Я нашел это насекомое случайно и в условиях, совсем не обещавших интересной находки. Изучение насекомых, живущих на мертвечине, привело меня к мяснику нашей деревни. Чего только не сделаешь, преследуя истину? Итак, охота за этой редкой дичью привела меня к мяснику, впрочем, прекрасному человеку, который очень любезно позволил мне пользоваться его учреждением .
Я желал видеть не мясную лавку, а какой-нибудь склад обрезков. Мясник повел меня на чердак, слабо освещенный слуховым окном, открытым день и ночь, во всякое время года, для того чтобы проветривать помещение. Постоянное освежение не было излишним для этого отвратительного воздуха, в особенности в сильную жару, как это было во время моего посещения. Одного воспоминания об этом чердаке достаточно, чтобы вызвать у меня содрогание. Там, на протянутой веревке, сушились только что содранные кожи овец; в одном углу лежала куча жира, издававшая запах сальных свечей; в другом—куча костей, рогов, копыт. Все это мне очень подходит. Под кусками сала, которые я приподнимаю, копошатся тысячи кожеедов и их личинок; вокруг овчин мягко летают моли; в костях, сохранивших еще немного мозга, жужжат, влетая и вылетая, мухи с большими красными глазами. Все это трупное население я ожидал здесь встретить.

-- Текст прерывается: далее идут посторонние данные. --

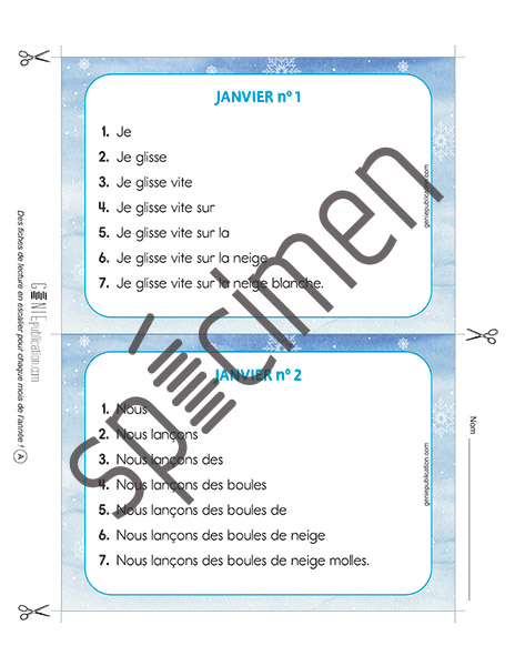 Cette activité contient 48 fiches de lecture en escalier (4 pour chaque mois de l’année) afin de pratiquer la fluidité, le décodage et la compréhension. Parfaite pour donner confiance aux premiers lecteurs et aux premières lectrices, elle permet de développer les bases de la lecture de façon progressive.
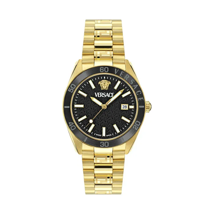 Cette montre emblématique de la collection ss22 a conservé son incroyable design innovant caractérisé par un verre en forme de dôme et une bague supérieure audacieuse avec l'inscription versace et une finition greca. Cette montre analogique dispose d'une fonction calendrier : date, swiss made, aiguilles lumineuses et chiffres lumineux.
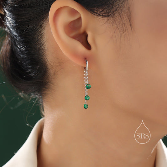 Emerald Green CZ Cascade Huggie Hoop Earrings in Sterling Silver, Silver or Gold, Geometric CZ Dangle Hoop Earrings, CZ Hoop Earrings

Но вот чего я не ожидал здесь найти: на выбеленных известью стенах сидят неподвижно, образуя черные пятна, кучи безобразных насекомых, в которых я узнаю редувия ряженого (Reduvius personatus L.), сильного клопа, имеющего некоторую известность. Их здесь всего около сотни, которая распределилась на несколько частей.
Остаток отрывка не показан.